Yuri Ivanovich Krinitsyn (Russian: Ю́рий Ива́нович Крини́цын, born 1938), known as The Riga Upyr, is a Soviet serial killer, robber and extortionist who, between January and September 1975, killed three people in Riga. His last would-be victim, whom he planned to blackmail, was famous composer Raimonds Pauls, who aided the authorities with Krinitsyn's capture. A psychological evaluation deemed that Krinitsyn was incompetent to stand trial, and he was interned at a mental hospital.

Biography 
Yuri Krinitsyn (or, according to other sources, Spitsyn) was born in Moscow, RSFSR in 1938. Later on his entire family moved to the Latvian SSR while he was still young. On August 13, 1950, the Krinitsyn family were among the passengers of the steamer Mayakovsky; the waiting crowd on the pier did not wait for passengers to leave, and started to board the ship. As a result, the steamer was not able to hold the load and sank due to passenger overcrowding. In a matter of minutes, 147  people perished, including Yuri Krinitsyn's parents, but he himself was rescued. However, as his brain had trouble receiving oxygen for a prolonged period before he could be resuscitated, this caused the young boy severe stress, which later on lead to him being diagnosed with reactive psychosis. As an adult, Krinitsyn found a job at the Bureau of Hydrodynamics in Riga and got married, but his new wife often cheated on and scolded him for his meager wage, despite him receiving a salary of 200 roubles, which was considered high by Soviet standards. In order to release tension, Krinitsyn bought a Luger pistol from a friend, with which he went out in the nearby Adazh forest to shoot at targets he positioned on trees.

Murders 
One time, while he had yet another quarrel with his wife, Krinitsyn went into the forest to blow off steam. While walking through the forest, he noticed a parked car in a clearing, with the driver sleeping inside. Suddenly, Krinitsyn attempted to shoot the driver, but his pistol misfired, causing him to hastily leave.

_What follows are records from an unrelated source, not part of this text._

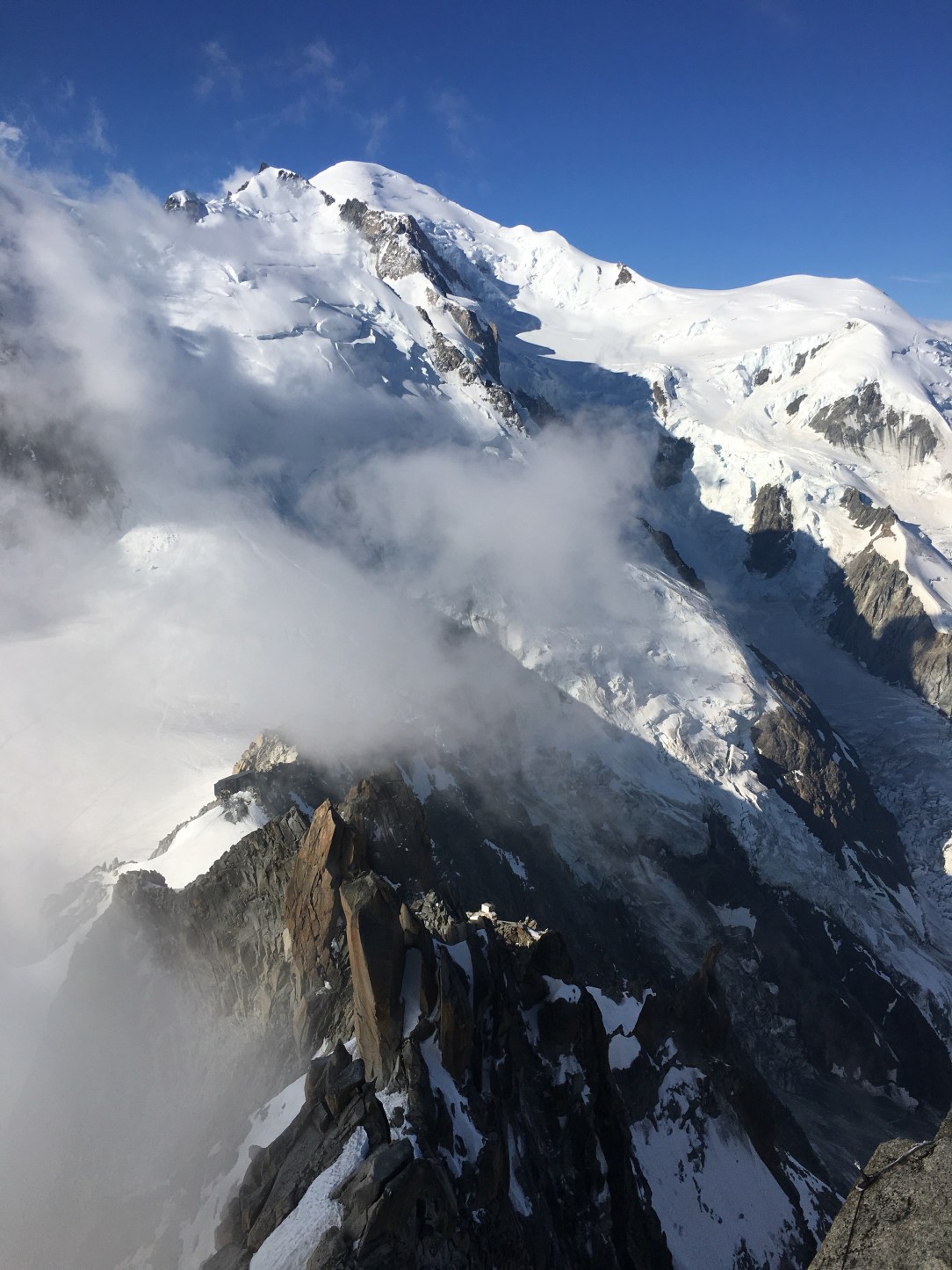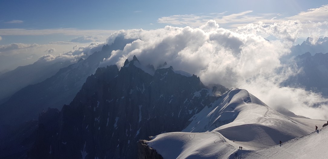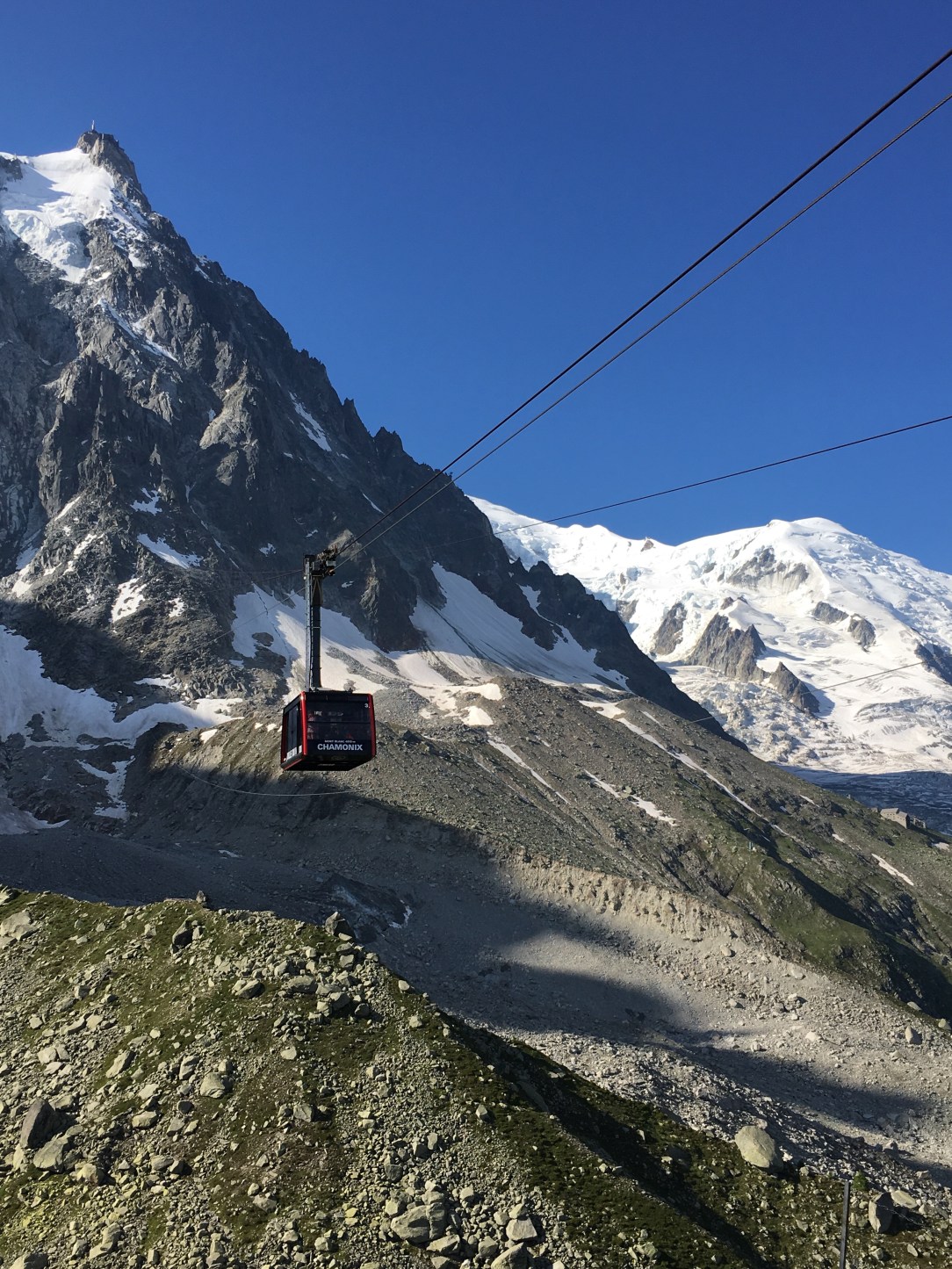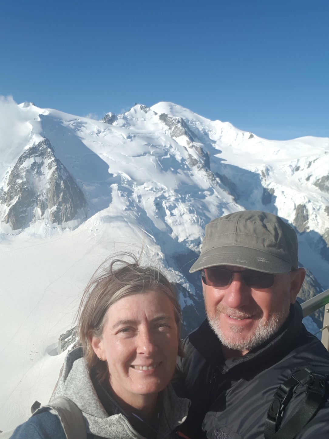 Our destination was a campsite just outside Chamonix, but as we were following our ‘Snooper’ Sat Nav which knows our size and weight of the van, it brought us to a bridge under a railway line that was too tight to get through. Not all that good after all ! The roads in this part of France are very small and very windy and we decided to park for the evening in Chamonix itself, as there are dedicated areas for Motorhomes. Now Chamonix is in it’s self an eye opener. It contains the most fit people we have ever seen in our lives, not an ounce of fat on them, all kitted out in their hiking gear. God, did we feel out of place. Obviously because of where it is, it is busy all year round and the Main Street is filled with hiking shops selling all the gear you would need to climb Mont Blanc. Unfortunately they didn’t sell new bodies which David & I would need and so we just window shopped. It is very beautiful and with the back drop of Mont Blanc you can see why people flock here. It is a sight to behold. After reading up about getting the cable car to the top of Mont Blanc as we were obviously not climbing it, we decided to get the cable car early the next morning to beat the crowds. We set the alarm and arrived at the cable car station for 07.00am. No queues, still all fit climbers with their ropes and clips, snow picks and snow shoes dangling off their rucksacks and David and I wrapped up in our winter clothes as the temperature can be a lot lower at the top of Mont Blanc. We packed into the cable car and we were off. It takes over 10 minutes to reach the first stage, Aiguille Du Midi, we were climbing and climbing and I can’t tell you the excitement, until the cable car suddenly seemed to drop and then climb again. Not sure why but it’s a long way down ! My heart jumped but I tried to remain cool, trying not to embarrass myself in front of the fit crowd. We made it to the first stage and we left the cable car to get the next to the top, another 10 minutes The view from Aiguille Du Midi at 3842M was amazing but when we finally reached the summit at 12,392ft, above the seracs, the Pelerins glacier and the hanging glaciers on the north face of the Aiguille du Midi, the view took our breathe away. It is such the most wonderful sight to see, how lucky were we to be standing there looking out at our most beautiful world. Words cannot describe the beauty. If you are not afraid of heights, try and get here in your lifetime because you will remember it as long as you live. We stayed for 2 hours in all and we did notice due to the altitude that we were slightly light headed and breathless, I bet the fit people weren’t. We had our photos taken in the glass box that overhangs the edge and then descended down the two cable cars to the bottom, just as the queues were beginning to build. For the rest of the day I had the biggest smile on my face, wow what a day to remember.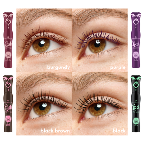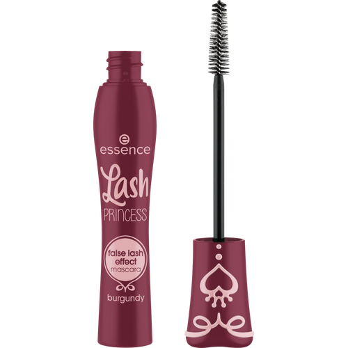 essence Lash Princess False Lash Effect Mascara in Burgundy & Purple delivers dramatic volume, length, and a bold false-lash effect in a beautiful Burgundy or Purple tone. The conical fiber brush grabs every lash to create a lifted, defined look, while the caring formula is enriched with plant-based waxes.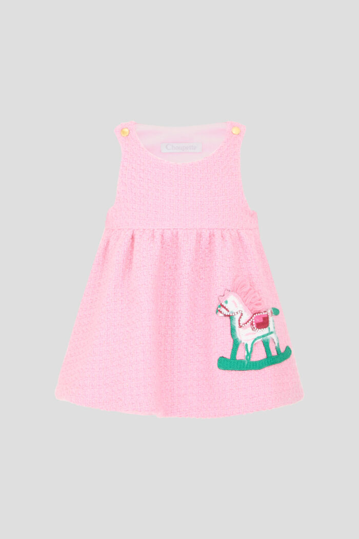 Charming dress for a girl with voluminous applique can decorate any wardrobe. The special trapezoidal shape gives child freedom of movement. Applique in the form of a spectacular textured horse, adds originality. The sleeveless dress is perfect fit for everyday wear and for special occasions. The shoulder pads fasten with buttons. The textured fabric feels comfortable on the body. The dress can be paired with a solid colour bodysuit or a longsleeve.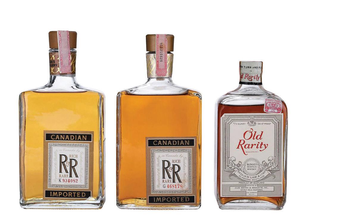 Three Assorted Bottles of Whiskey two bottles Gooderham’s Rich & Rare Canadian Whiskey, 750 ml, alcohol 40% by volume; one bottle Old Rarity Blended Scotch Whiskey, Glasgow, Scotland, 4/5 quart, alcohol 43.4% by volume, in original cardboard box, bottles in overall good condition with some nicks, wear, and small tears to labels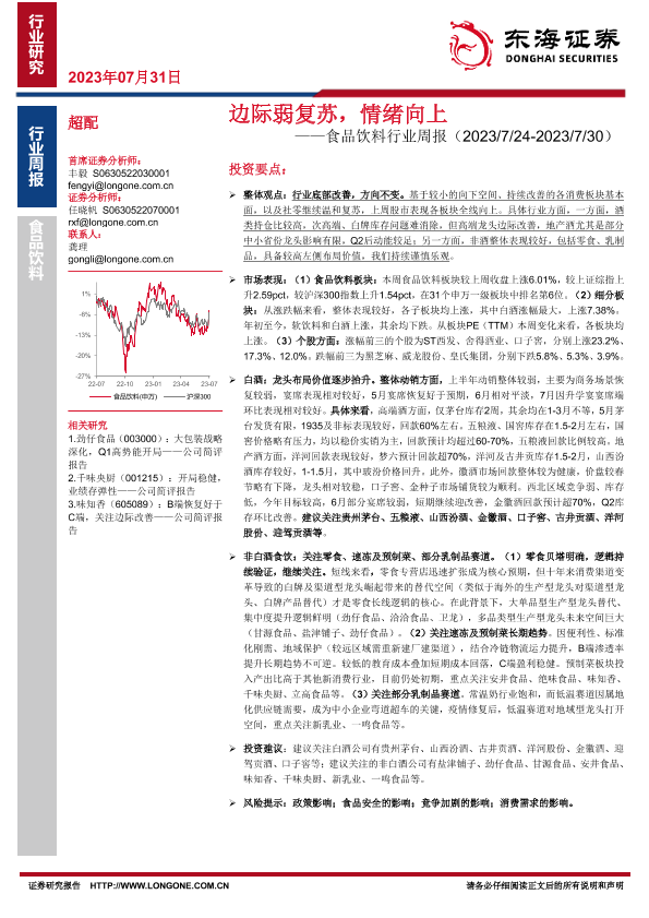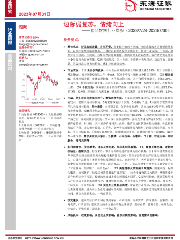 【东海证券】【20230731】20230731-东海证券-食品饮料行业周报:边际弱复苏,情绪向上-10页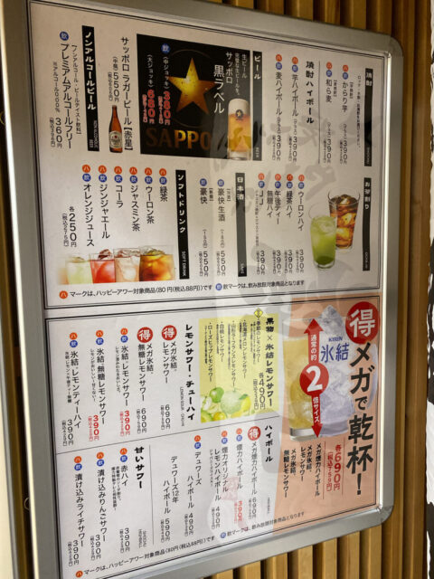注目すべきは、毎日18時まで実施される破格のハッピーアワーです。ハイボール、チューハイ、ソフトドリンクが1杯わずか80円(税抜88円)で楽しめます。

In January 1975, Krinitsyn got into the car of taxi driver Mekkers, a former spy for Nazi Germany who lived illegally in the country under a false name, having fled his homeland to escape being drafted into the army. Krinitsyn approached him and offered to take him to the forest, where he shot Mekkers in the back of the head. After killing him, he stole 20 Rbls. 63 kop., which he immediately spent on gifts for his wife. He then drove the man's car to Riga, where he left in a conspicuous place.

On September 14, Krinitsyn committed his next crime, killing a KGB operative named Markin, who worked for the Council of Ministers, by shooting him in the back of the head while he was walking along a forested path in Dārziņi. After discovering Markin's corpse, the investigators began to suspect that it was the work of foreign agents, since the bullets used were matched to a Luger, a foreign-made weapon. In fact, Krinitsyn was unaware of who his victim was.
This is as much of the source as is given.